Locating the RLF as a strategy to implement an overall community plan improves the batting average that it will be viewed as basically a means to solve local problems, rather than a source of easy money. Because a local plan specifies a mechanism for overall management, the RLF-assisted project is assured from the start with a system for accountability or continuity of linkage with a government entity or a local institution in the event that the sponsoring organization or donor agency loses interest or becomes incapable of doing the necessary follow-up activities.
A broad credit development framework is needed to make the RLF schemes contribute more significantly to sustainable development. Their implementation at community level must be governed by a set of policies which clearly identify the niche for non-institutional credit facilities, i.e. for providing project planning and management skills; testing the viability of local institutions in the administration of funds; shoring up community confidence through provision of immediate assistance to constraints encountered during project implementation (e.g. delayed repayment for goods produced); imparting people with required skills or simply added understanding for the use of institutionalized sources of credit.
2.0 Take
into account the cultural factors and he local social organization
In some communities, credit in cash is still regarded as quite a foreign concept. These societies regard the provision of assistance as part of social obligations, expected to be dispensed without thought of cash payback. Promotion of credit in cash and the corresponding repayment scheme may go against the grain with the result that the project loses genuine support even before it starts; the implementors go through the motion of satisfying the conditions for the loan and once the money is received, everybody forgets the purpose for the loan.
Intensive community preparation inputs are needed to gain local acceptance for the credit scheme. It will be worth studying the community to see parallel activities which approximate the scheme, possibly with credit actually being extended and repaid on a non-cash basis.
Self-help societies still thrive, and do in fact flourish, in many Pacific islands. A closer look at these societies can yield valuable insights on how the built-in discipline of a cash economy has been engrafted into traditional ways without severe cultural disruptions. Or, probably, we can learn on how projects have adjusted rules and procedures to a accommodate local mores and customs, and in the process, succeed to gain a foothold in the community’s consciousness to gain enough respect and credibility for their advice to be sought on how remote island communities can cope with today’s reality.
3.0 In
the enthusiasm to infuse cash through the credit scheme into the ailing island
economy, avoid playing the Terminator role to functional indigenous
fund-raising and credit systems
Like other Pacific island countries, Fiji has a wealth of such systems whose existence may be threatened by misplaced spurts of enthusiasm in promoting credit schemes.

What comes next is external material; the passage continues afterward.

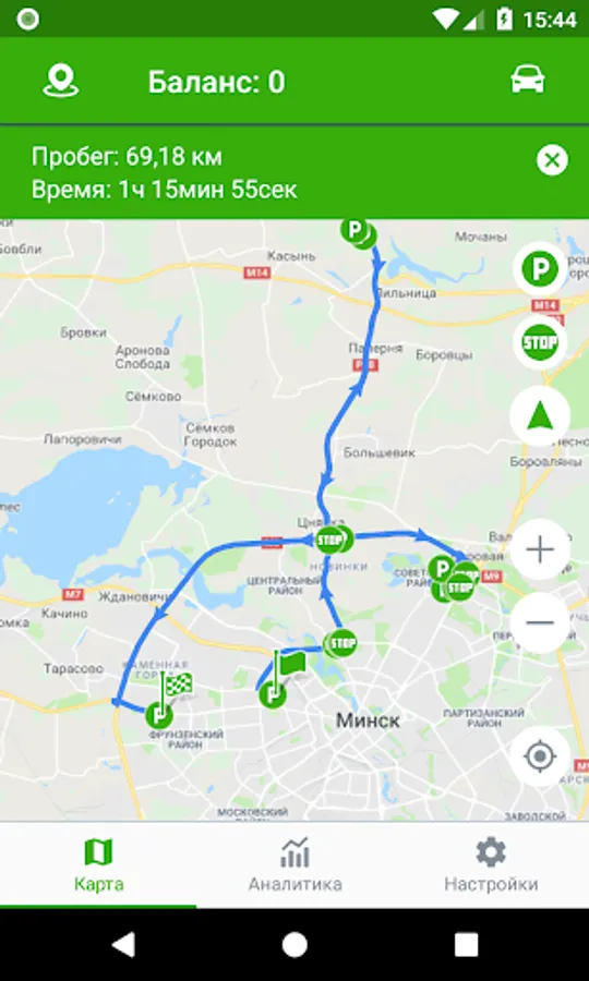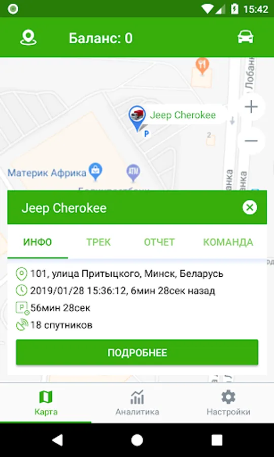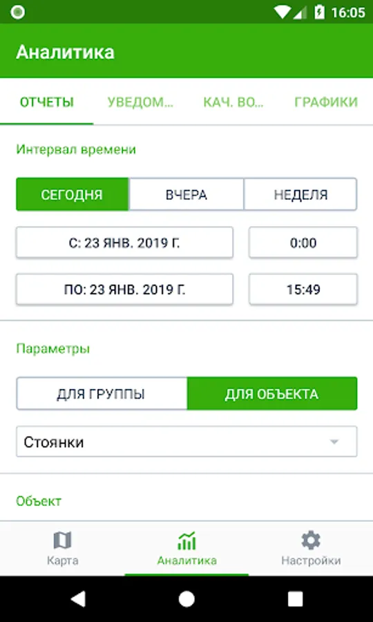 The application also allows you to generate reports, build tracks, send commands to objects, receive notifications and much more.

These Fijian practices include:
kati, similar to a raffle but using a deck of cards instead of drawn numbers to win prizes, with the “profit” going to the sponsoring neighborhood association;
soli, with each group member contributing either money or non-cash item to enable a member to buy a household commodity or set up a project;
gunu sede, tea party, serenade or performing dance numbers to solicit contributions for school fees and other necessities of village group members;
veisa, prearranged barter or buying of produce between groups from different villages;
“contract labor,” in which a group of villagers will do weeding on the farm, plant trees or cut sugar cane to be able to raise money or procure cattle for a village project;
“savings club,” actually forced savings among group members so capital can be raised for a project.

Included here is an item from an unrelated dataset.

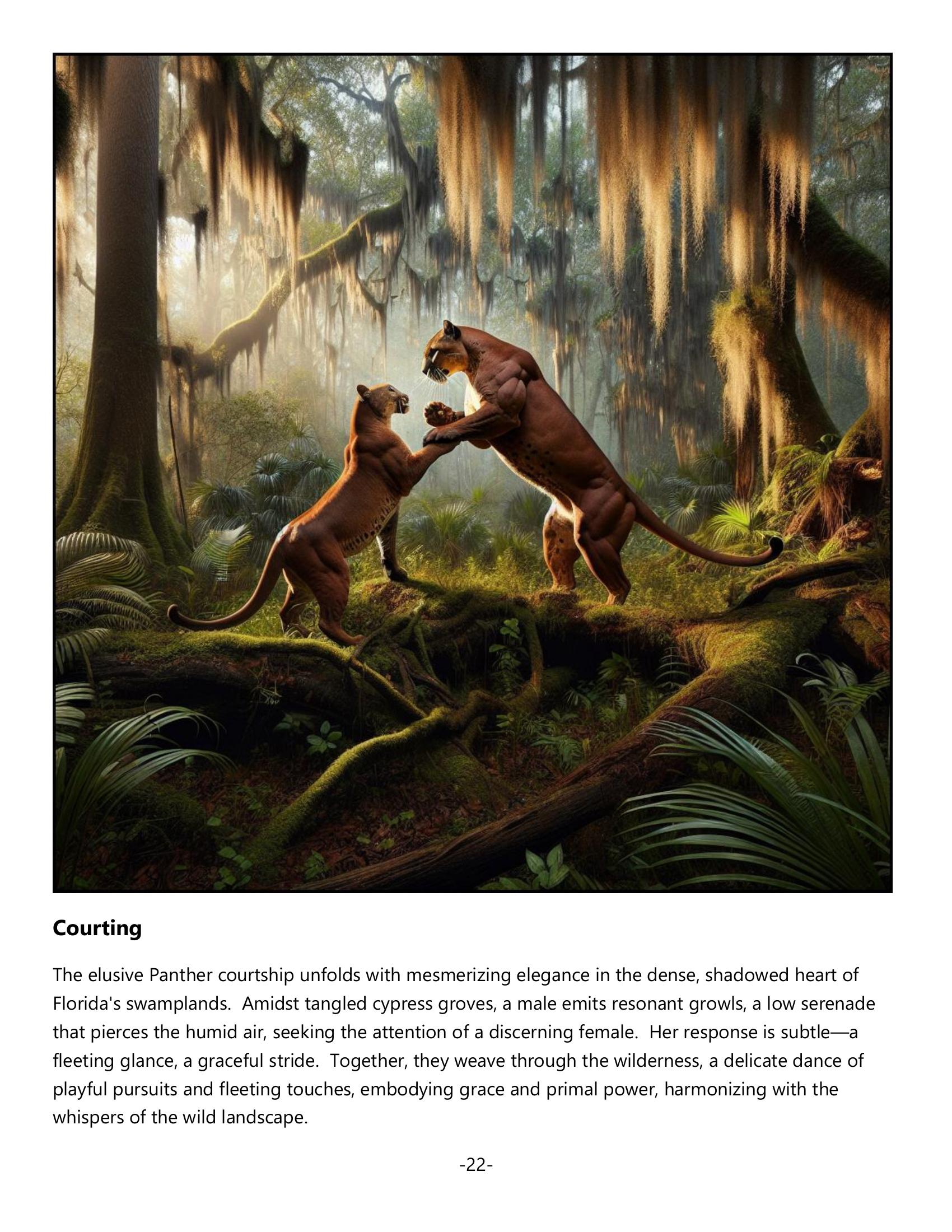 The Florida Panther, a symbol of wild Florida, captivates with its mystique and beauty. As the only cougar east of the Mississippi, these majestic cats faced near extinction due to habitat loss and other threats. Distinct with their tawny coats and smaller size, they roam the swamps, requiring vast territories. Thanks to dedicated conservation efforts, their population is rebounding. This book offers readers—from wildlife enthusiasts to educators—a compelling journey into their world, highlighting the challenges and successes of preserving this crucial piece of Florida’s natural heritage.

Care must be taken that any RLF scheme promoted in the village will enhance the positive aspects of indigenous practices rather than make them extinct, replaced by sheer dependency on government and external assistance.
4.0 Invest
more time and resources in social preparation; encourage government participation
in the indigenous planning process, rather than to merely reinforce the
one-sided practice of seeking community involvement in government programmes;
“make haste slowly” in keeping pace with the community
The community is strewn with the litter of failed development schemes and projects, including those with the RLF component. If we will spend more time with the community, we will find out the local people know the reasons why each undertaking failed. Many of these reasons can be traced to the external agency’s (government, NGO or external project providing inputs to the community) lack of understanding and participation in community life.
Any project which ignores the existing forum for community dialogues and decision making, as well as for planning and managing local activities, is bound to fail in the long run. It will always be peripheral to the community’s dominant concerns and will be treated only with token courtesy. Outside the main currents of community life, a development project can only wither and die.
The implication is that a project, especially those with innovative features, such as the RLF, need to invest time and resources in gaining public acceptance through an intensive preparatory process of making the community perceive its precise linkage with efforts to solve local problems, its pertinence to everyday life, its overall relevance to community life.
CONCLUSION
The final concern, then
is: how do we translate these pointers
as an integral part of a project’s agenda for action?
First, there must be a common recognition by policy-makers, planers and fieldworkers from government agencies and development NGOs that a basic social preparation process at community level is needed prior to full-scale plan or project implementation and that the critical activities of such process must be included in the island development plan or in the project document.
For any project to be implemented, deliberate efforts have to be exerted to determine its link to the local plan, on how it will contribute to solving village problems and what the community really thinks about the project. In al projects, including RLF projects, the community and the government must review pervious experience together, assess the lessons, formulate corrective measures which take into account the linkage to the overall development plan, and the impact on local acceptance and cooperation.
The community perspective on the project is the single most important factor to consider in ensuring collective support and project sustainability. This perspective can only be determined through a sequential and participatory process by which the community goes through the various steps of the project cycle, from problem identification to monitoring and assessment and, eventually, to reformulation of specific projects of the community plan.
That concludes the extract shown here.